I don't live in the middle of nowhere and I support Trump. I'm too poor to vote for a Republican and too straight white and male to vote for a Democrat. Trump changed all that. I registered as a Republican in 2004. But living through the Bush administration made me realize I'm not a Republican. I can't be. I don't make 100,000 a year. But I can't vote for a Democrat because they hate white straight males. Other than Trump I don't have anyone I can vote for.
 
It's fucking depressing. I think of myself as a liberal: Unions have their place, universal healthcare can work, and big socialized projects like the US interstate system aren't necessarily evil.

But apparently I'm fucking Hitler because I think blacks should be able to read and write, and immigration should not be run by a retarded Jew.

Fucking Overton window. Shit it.
 
Exactly the same happened with brexit. The remain campaign should have focused on how much EU funding poorer UK areas get. ‘Hey, former mining area! Did you know that new leisure centre was built with EU cash?’ But no. They ran a completely negative campaign calling people white racist bigoted idiots.
The sheer astonishment when we voted leave. It was glorious. I had people crying, telling me it had to be fixed because nobody in my Facebook voted for it! I said exactly the same thing to each of them - ‘oh that’s odd. I had a mix in people I know. Strange how everyone you know thinks the same thing…’ one or two started to have a brief moment of awareness, and then the sh reaching started again.
Negative campaigning works against your opponents, not your voters
 
It's fucking depressing. I think of myself as a liberal: Unions have their place, universal healthcare can work, and big socialized projects like the US interstate system aren't necessarily evil.

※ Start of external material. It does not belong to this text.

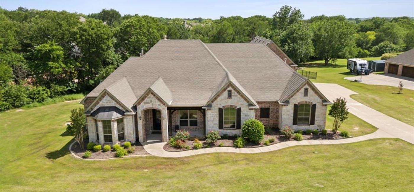 OPEN OCT 19th FROM 2-4 COME TOUR AND GET A FREE GIFT CARDS TO YOUR FAVORITE COFFEE SHOP. Escape the hustle of the metroplex to live in this custom-built 4000 Sq Ft home situated on a sprawling 1-acre lot surrounded by mature trees. Designed for both comfort and lifestyle, this residence offers a great place to live, play and work. 5G Fiber internet is a bonus! This beautiful house stands out as the timeless front exterior showcases a gorgeous blend of brick, stone, and cedar finishes, and beautiful landscaping. Inside the home, this thoughtful floor plan includes four bedrooms downstairs, along with a guest suite upstairs with a full bath. The flexible floor plans has 2 offices or craft room with built-ins. The Primary Suite is 23 x 15. The floor-to-ceiling windows have a view of the pool and trees in the backyard. The ensuite bath has double vanities and dual closets with built-in dressers. The living, dining, kitchen, and work areas downstairs have hand-scraped hardwood flooring. All of the carpet in the house was replaced in May of 2025. The spacious kitchen, with 2 sinks, lots of storage, and counter space, is a great place to cook and entertain. The kitchen has a gas cook-top, a large breakfast bar, beautiful custom cabinetry and hood. The walk-in pantry has room for everything! The backyard has features for all seasons. The pool and spa, built by the renowned Allison Pools, is picturesque with a backdrop of mature trees. In the Wintertime, you will enjoy cozying up to the built-in fireplace on the back patio. Your dogs and kids will enjoy the separate fenced-in play yard. This property is more than just a house—it's a private retreat in the country where you can enjoy luxury, space, and serenity every day We are looking for a new family to fill this home with love, laughter, and fun. If you are ready to make beautiful memories and you want to be in the very sought-after, after award-winning VAISD, come tour this beauty.

But apparently I'm fucking Hitler because I think blacks should be able to read and write, and immigration should not be run by a retarded Jew.

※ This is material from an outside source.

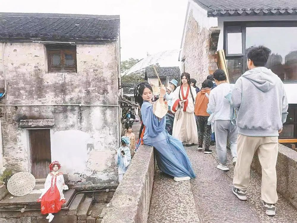 老街随处可见穿古装的年轻人一拨一拨的摄影师领着一队队身着汉服的女子在墨池、古桥边、河沿旁拍照。成群结队身穿汉服的女子还在小摊边吃臭豆腐、尝萝卜丝饼。

Fucking Overton window. Shit it.
What the DNC refuses to admit to its voterbase is that you can't have open borders and universal healthcare for everyone, but they sure do give all the illegals free healthcare and welfare at the expense of Americans.
 
Show me the democrat that does not support putting men in women's prisons. The one that does not support unrestricted abortion up until the moment of birth and even then some. The one that doesn't support doctors prescribing puberty blockers or surgeries for mentally distressed minors. Or the one who doesn't support unrestricted open borders.

These aren't trivial issues you can just sweet talk away. Driving a pickup truck and saying y'all doesn't reconcile these policy differences.
 
Did I shift to a reality where rural america actually decides elections? And also isn't voting left by the usual crowd of women, "immigrants", californian expats and union members?